Purpose and regulation
The basic principle of the feedlot is to increase the amount of meat each animal produces as quickly as possible; if animals are kept in confined quarters rather than being allowed to range freely over grassland, they will put on weight more quickly. In a feedlot, cattle may be allotted as little as 125-200 square feet per animal for the many months they typically spend there.

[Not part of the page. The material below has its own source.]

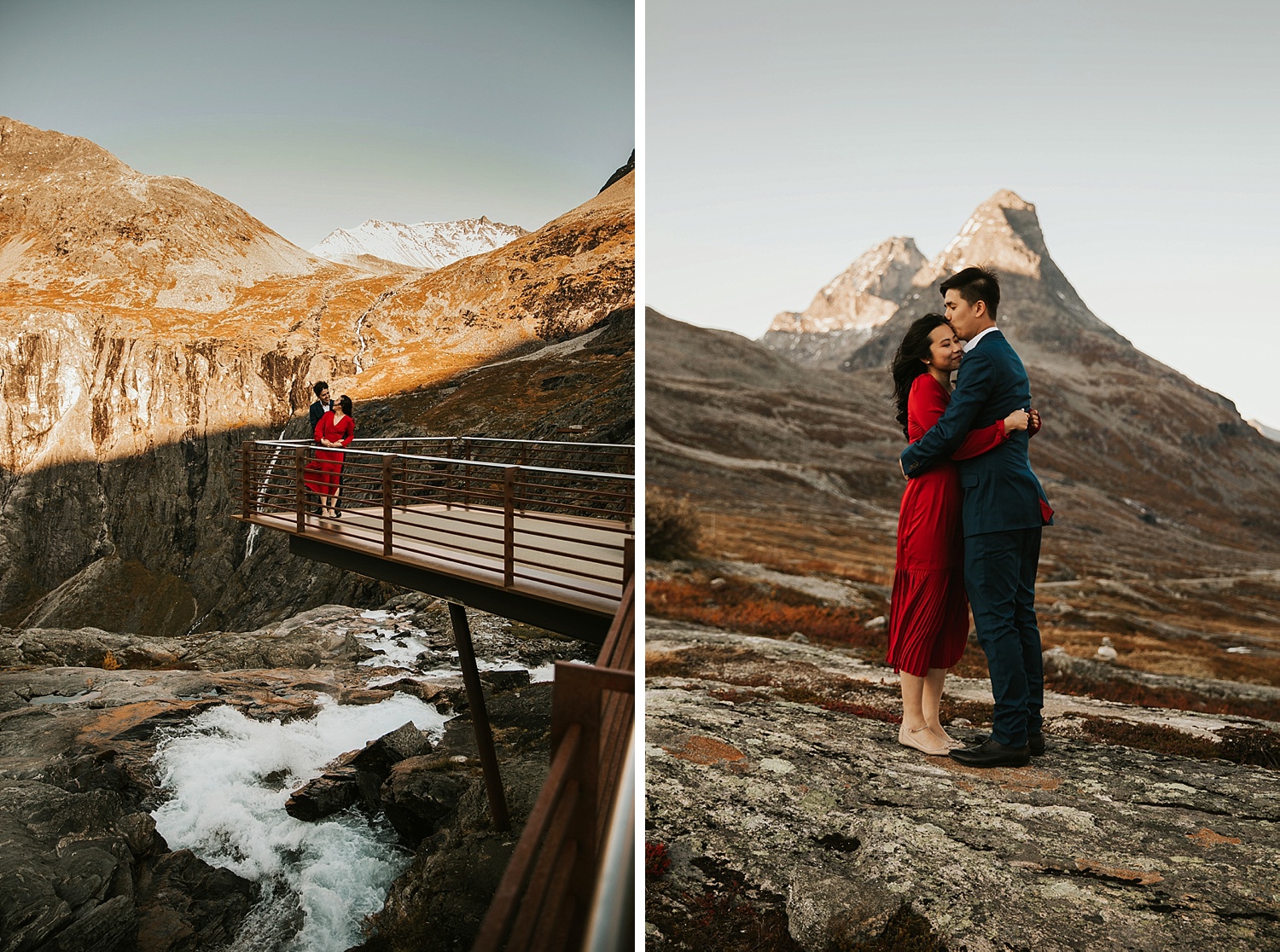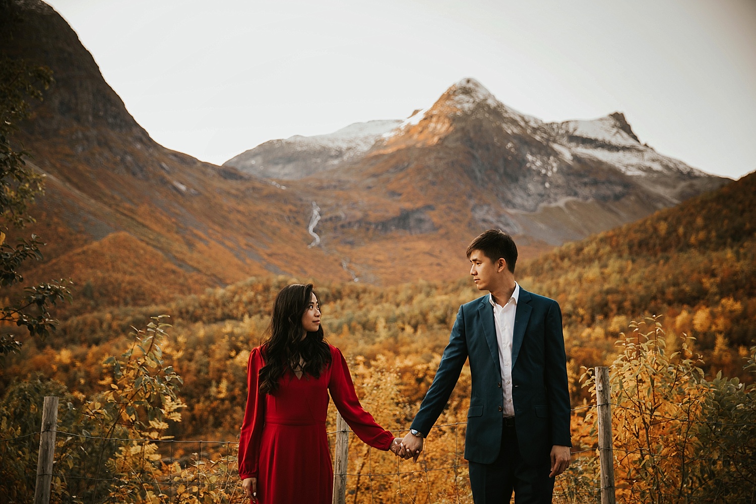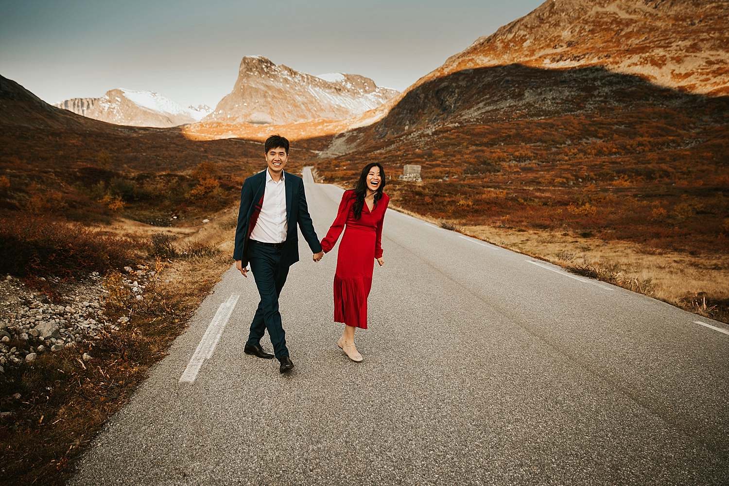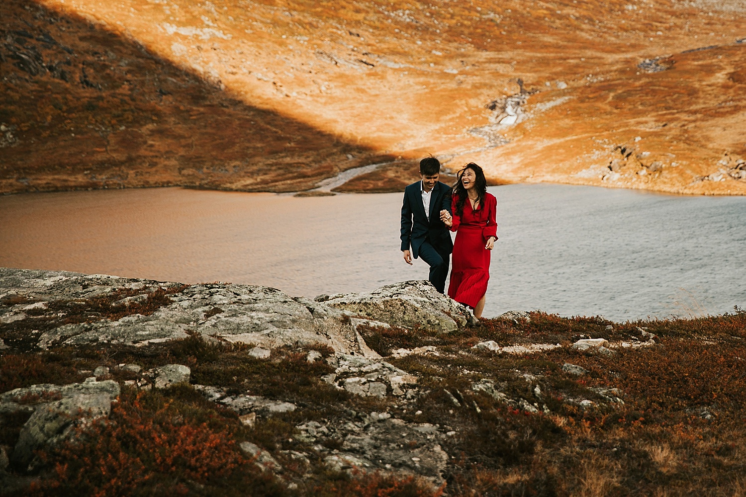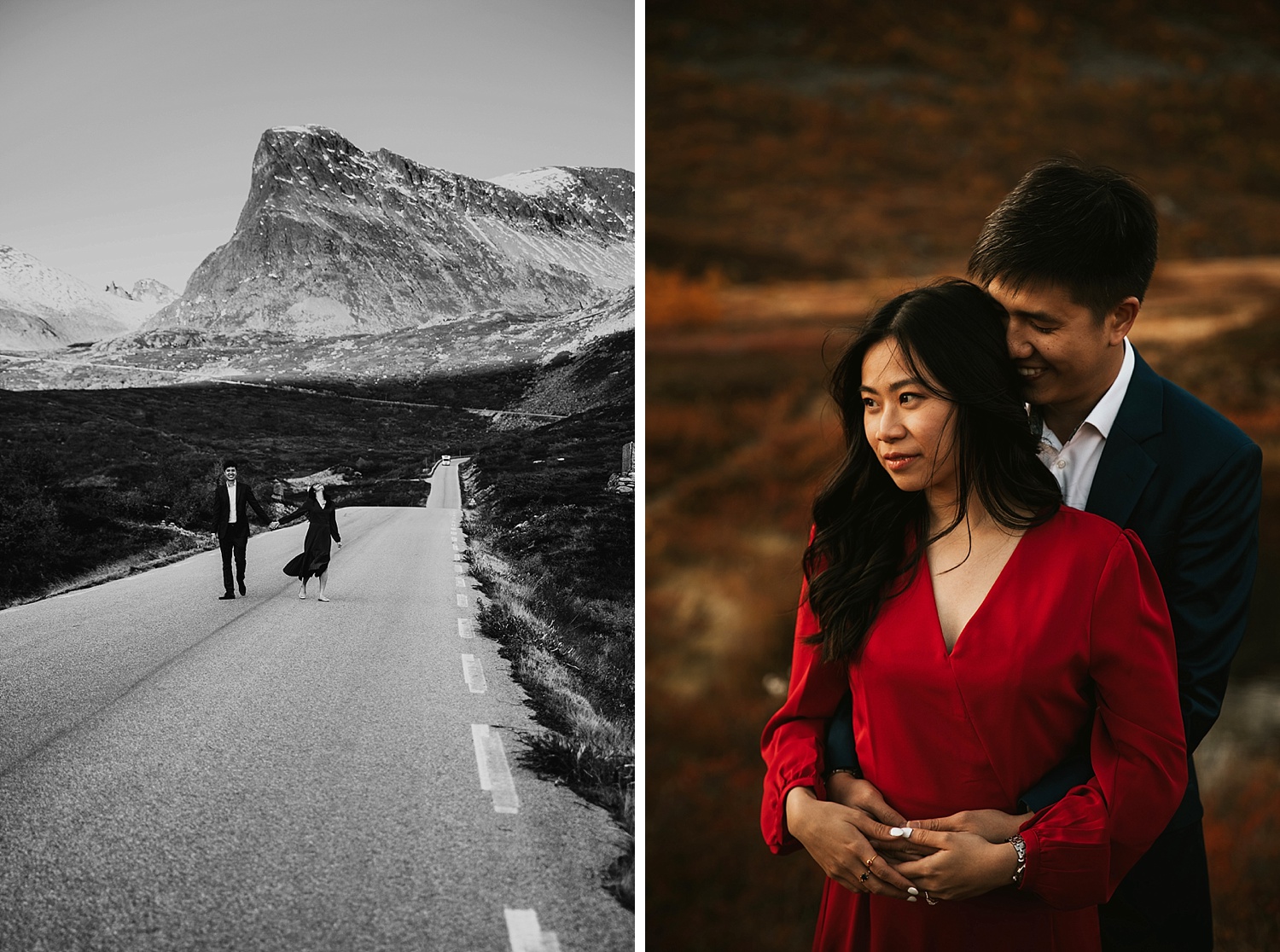 I was super excited when Evetor and Gawaine contacted me about doing a shoot during their trip to Norway! They came all the way from Singapore to the cold Norwegian mountains, dressed in beautiful fall colours. And you can only imagine that I got even more excited when Gawaine suddenly contacted me without Evetor knowing, and told me that he was planning to propose during the shoot, while I was there to capture the moment. So it’s safe to say that this was a shoot a bit out of the ordinary, and it was so special to be a part of! So scroll your way down to see Evetors reaction to the proposal, and enjoy these photos of two happy souls in the gorgeous mountainscapes of Romsdal and Valldal :)
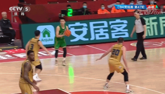 第三节进行到4分09秒,赵继伟接郭艾伦传球,突破杨皓喆后,做了一个传给张镇麟假动作后,用欧洲步晃过孙思尧轻松上篮,鞍山保罗这球太风骚了。

Most feedlots require some type of governmental permit and must have plans in place to deal with the large amount of waste that is generated. The Environmental Protection Agency has authority under the Clean Water Act to regulate all animal feeding operations in the United States. This authority is delegated to individual states in some cases. In Canada, regulation of feedlots is shared between all levels of government, whilst in Australia this role is handled by the National Feedlot Accreditation Scheme (NFAS).
Scheduling and diet
Prior to entering a feedlot, cattle spend most of their life grazing on rangeland or on immature fields of grain such as green wheat pasture. Once cattle obtain an entry-level weight, about 650 to 700 pounds (290 to 320 kg), typically at about a year old, they are transferred to a feedlot for the next six to eight months to be fed to gain weight for eventual slaughter. They eat a specialized animal feed which consists of corn, corn byproducts (some of which is derived from ethanol and high fructose corn syrup production), milo, barley, and other grains as well as roughage which may consist of alfalfa, corn stalks, sorghum, or other hay, cottonseed meal, and premixes composed of microingredients such as vitamins, minerals, chemical preservatives, antibiotics, fermentation products, and other essential ingredients that are purchased from premix companies, usually in sacked form, for blending into commercial rations. Because of the availability of these products, a farmer who uses his own grain can formulate his own rations and be assured his animals are getting the recommended levels of minerals and vitamins. In the American northwest and Canada, barley, low grade durum wheat, chick peas (garbanzo beans), oats and occasionally potatoes are used as feed.
In a typical feedlot, a cow's diet is roughly 62% roughage, 31% grain, 5% supplements (minerals and vitamins), and 2% premix. High-grain diets lower the pH in the animals' rumen. Due to the stressors of these conditions, and due to some illnesses, it may be necessary to give the animals antibiotics on occasion.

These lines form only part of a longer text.